Historical comparations of censuses results

The problem is that there was a change, from an objective approach to a subjective declaration, with the phrasing varying from religious membership to religious affiliation.
A specific change occurred in Slovakia: in the 2001 and 2011 censuses, a double-barrelled question was entered, which defines confession as: 1) a "citizen’s participation in the religious life of a church" or 2) very vaguely indicated "relationship to a church". In addition, it listed only registered religious groups, which may influence and to some extent create the conviction that only registered groups are legitimate. Members of other religious groups, unregistered, may indicate their belonging in the column "other". Since 2001, people can only choose from a list of recognised churches, or choose "other", or "without confession" (2001, 2011).

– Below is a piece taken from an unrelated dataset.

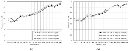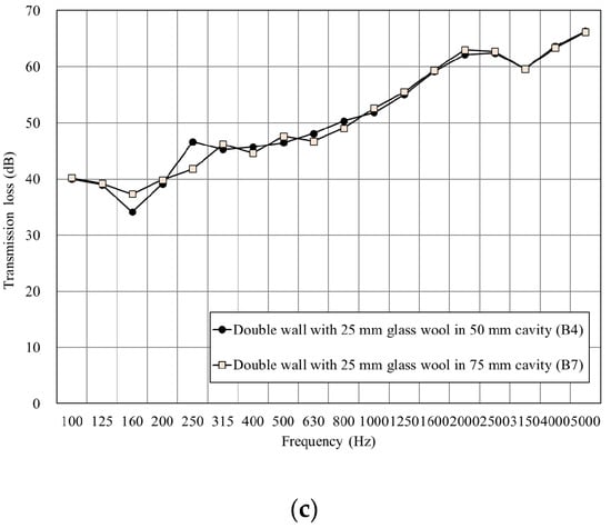 As shown in Figure 7a, increasing the thickness of the cavity from 25 mm to 75 mm can improve the sound insulation on medium and high frequencies by 1 dB–3 dB. Furthermore, the double-wall resonance that occurred at 125 Hz and 160 Hz influenced the sound insulation performance. Figure 7b,c shows that the double wall was filled with glass wool in the cavity, which made few differences in the overall sound insulation performance, only increasing by 2 dB–3 dB at 500 Hz. This result shows that the small surface density of glass wool and a thin cavity cannot provide higher sound insulation performance, while the trend of transmission loss was similar.

Until 1950 Objective church membership (parish evidence)
1991 Subjective open question: What is your religious confession? Or without confession
2001 Subjective religious confession, Religious confession/church + list of 15 recognised churches, other, without confession
2011 Subjective religious confession, Subjective religious confession + list of 18 recognised churches, other, without confession

Slovakia and the surveys concerning religion

The different European surveys (ISSP, EVS, ESS, Aufbruch) use questions of various types, which brings them to measure different dimensions of religiosity: the type of relation to the church (formal membership or emotional link), the personal denominational identity, the personal affirmation of faith.
In Slovakia, in the frame of a national methodical investigation, questionnaires used in surveys were checked using an in-depth quality interview – a validation survey, in 2008 and 2014. The validation survey aimed at understanding how people comprehend individual questions, and how they answer in more details in standard interviews. It revealed that questions concerning the religious confession were understood by the people questioned to mean the tradition of the respondent’s community, or the confession of their broadly understood family. Hence, respondents did not evoke their personal relationship to a church or religion, but were rather speaking of a relationship of conformity to the group in which they usually live. This type of answer was also found for people who expressed their disbelief in God.